Las eléctricas están empeñadas en subirnos las tarifas. Propusieron un 20% y después un 11%, La decisión es del gobierno que veremos si se inclina por sus argumentos o por los intereses de la mayoría de la población (malo es que queda mucho tiempo para las próximas elecciones).
Lo que es un lío son las explicaciones: dicen que están facturando por debajo del coste, pero (¡misterio!) tienen muy buenos beneficios. Iberdrola tiene una campaña de publicidad en la prensa en la que dice: “En 5 años, nuestras acciones han multiplicado por 4 nuestros ahorros”.
En el primer trimestre de este año Iberdrola ha tenido un beneficio neto de 1.204 millones de euros (163% más que en el mismo periodo del año anterior), Endesa ha obtenido un beneficio de 662 millones (4′58% más que el año anterior) y Unión Fenosa 454 millones de euros (39% más que el año anterior) (El País 15-5-08). Esto facturando por debajo del coste, si llegan a facturar por encima ¡se salen!.
No obstante, las empresas eléctricas dicen que lo que pretenden son dos cosas: abrir el mercado y la competencia (cosa que no debe de tener mucha relación con la subida de precios, porque hace tiempo que se están fusionando y, por tanto, cada vez hay menos competencia) y “para incentivar el ahorro” (El País 14-5-08). La intención es buena, piensan que si nos suben mucho las tarifas tendremos que ahorrar en luz y usar velas. Claro que las velas cada vez están más caras, ya sólo las venden en tiendas de regalos … (¿serán también suyas las velas?). Por otro lado, es verdad que usar velas resulta más romántico, pero sólo si se utilizan en ocasiones señaladas, si su uso se hace cotidiano van a perder esa condición; nos quieren dejar como estábamos hace cincuenta años, “a dos velas”.
En resumen, no pretenden subirnos las tarifas para aumentar sus beneficios, lo hacen para que ahorremos. Creo que tendrán que explicarnoslo mejor, porque a simple vista parece una paradoja.
Las corporaciones de la energía son muy influyentes en España, en la reunión de alto nivel que se acaba de celebrar en Perú el presidente Zapatero ha sugerido a algunos países que traten bien a Repsol. Esto resulta un poco sarcástico porque si esta corporación nos impone a los españoles los precios del gasóleo que quiere mientras la comisión de la competencia mira para otro lado ¿qué estará haciendo en los pequeños países latinoamericanos?. Además no se corta un pelo, acaba de reconocer que tiene 200 litigios fiscales en todo el mundo (El País 18/5/08).

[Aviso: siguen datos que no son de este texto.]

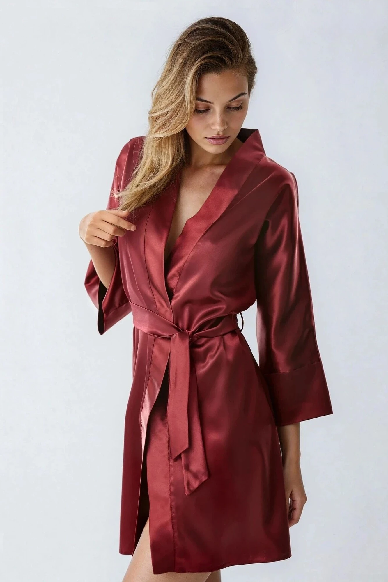 Krásný župan z jemného saténu je povinnou součástí šatníku každé ženy. Nenahraditelný v jakékoli situaci. Rukávy, které umožňují nosit je dvěma způsoby: s ohrnutými manžetami nebo s jednoduchým rukávem. Jednoduchý krátký saténový župan obdivuje svou elegancí. Panama je zabalena v elegantní velké krabici, takže pokud hledáte nápady na dárky - je to ideální řešení.
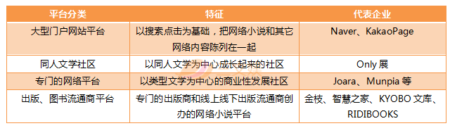 目前在韩国国内,具有代表性的网络小说平台可分为四大类,分别是大型门户网站平台、同人文学社区、专门的网络内容平台以及属于后起之秀的出版社和图书流通商的网络平台。
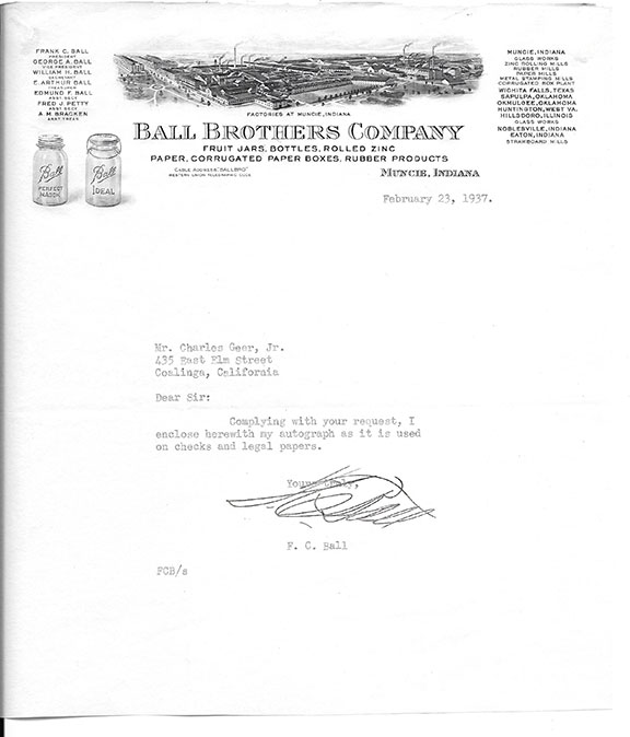 Typed letter on the fancy letterhead of the Ball Brothers Company. Muncie, In. Feb. 23, 1937. Signed by Frank C. Ball as president of the company. Together with a card signed by George A. Ball, who was Vice-President. Two very uncommon signatures............................SOLD
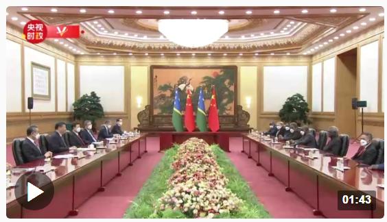 索加瓦雷说:“主席先生,我们亲眼看见当今世界上的种种霸凌行径,我钦佩您在此艰难时刻所表现出的坚定立场。您正在引领(世界发展)。所罗门群岛和其他太平洋岛屿国家钦佩您的立场,这表明您将继续在当今世界发生的种种变化中,起到极具远见卓识的领导作用。”
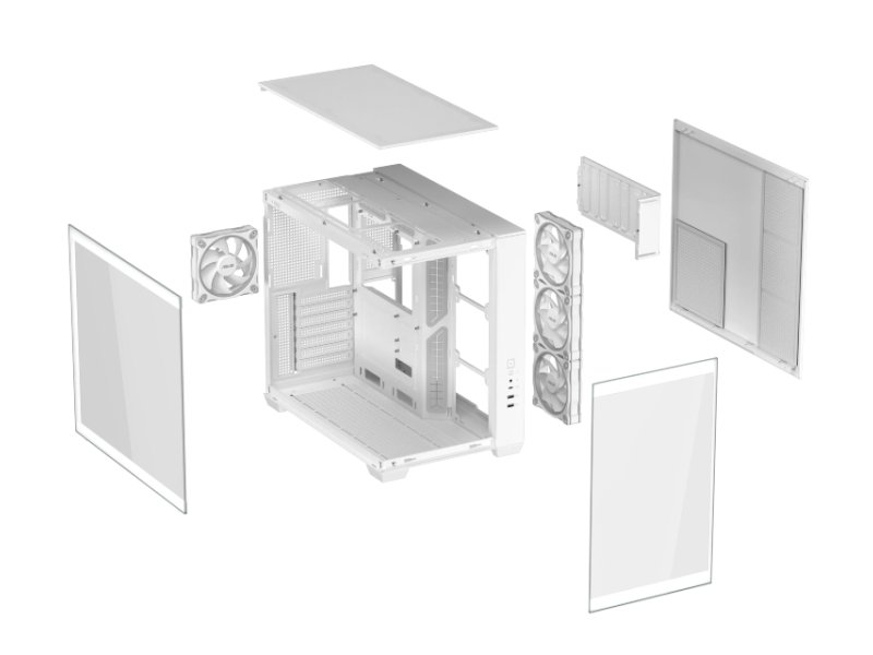 | Fizičke karakteristike | Dimenzije: 435 x 390 x 285 mm Boja: Bela Ostalo: Odvojivi filter za prašinu, ARGB, Bočno i prednje kaljeno staklo |
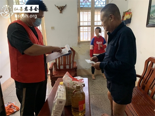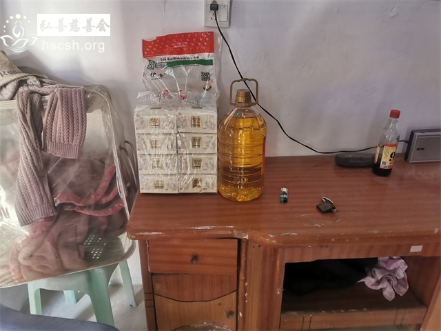 慰问物资:大米1袋、油1桶、面巾纸1提
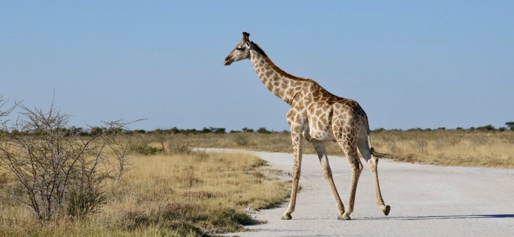 Dużo nie brakowało nam do zderzenia się z żyrafą. Na szczęście łatwo ją zauważyć, wbiegła nam pod maskę. Widok zgrabnie i lekko biegnącej, ważącej blisko 800kg żyrafy, bezcenny.
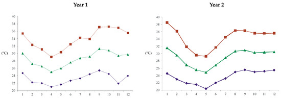 Monthly averages of maximum temperatures (°C) recorded for the CBS (Canudos, Bahia, Brazil) during the study period (March 2003 to February 2005). Top line: averages of the maximum temperatures; middle line: average of the mean temperatures; and bottom line: average of the minimum temperatures.
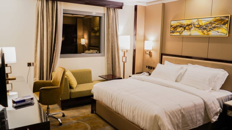 Die Zimmer im Al Ertiqaa Hotel sind mit einem Doppelbett oder Kingsize-Bett ausgestattet und verfügen über Annehmlichkeiten wie einen Safe, eine Minibar, ein Telefon, Sat-TV, WLAN sowie ein eigenes Badezimmer mit Dusche und Haartrockner. Alle Zimmer bieten Stadtblick und sind mit Bettwäsche und Handtüchern ausgestattet.

Para convencernos de sus “buenas intenciones” (y de paso poner a su favor a los grandes medios de comunicación) ha comenzado una campaña de publicidad para reforzar la imagen de compañía comprometida y responsable: “Si hemos sido capaces de inventar la rueda ¿cómo no vamos a ser capaces de proteger lo que más nos importa”. Ya sabemos que la velocidad y el tocino no tienen mucha relación, pero el anuncio, producido por Lee Films y desarrollado por la agencia Young&Rubicam (todo muy español como se puede ver), es bien bonito.
Esta misma semana nos ha dado una muestra gráfica de su poder. Su presidente ha presentado las cuentas a sus accionistas entre dos guardaespaldas de postín: Rodrigo Rato y Felipe González,. No resulta extraño que necesite guardaespaldas porque, mientras nos sube los carburantes, reconoce un beneficio neto en el primer trimestre de 1.212 millones de euros (36′49% más que el año anterior). ¿Estará Zapatero haciendo méritos para figurar en la foto del año que viene? Porque esta foto, como la de las Azores, seguro que tiene buen caché.
20. Mayo 2008 en 10:34
Como mucha gente de mi barrio, tengo tarifa nocturna. Durante mucho tiempo, se animó a la instalación de la tarifa nocturna y se dieron múltiples argumentos a favor. El año pasado el decreto RD 871/2007 disponía la desaparición de la tarifa nocturna a 1 de julio de 2008. ¿ Pero no era tan buena?. El decreto impulsaba también una subida generalizada de tarifas. Las asociaciones de consumidores y las compañías relacionadas con los calefactores de tarifa nocturna han recurrido pero a ver por dónde sale. Yo llamé un día al teléfono informativo recomendado y le dije a la persona que me atendió: Mire, si no entiendo mal, yo no saco ningún beneficio, ninguna mejora del servicio, sólo una subida de precios. Así es, respondió ella.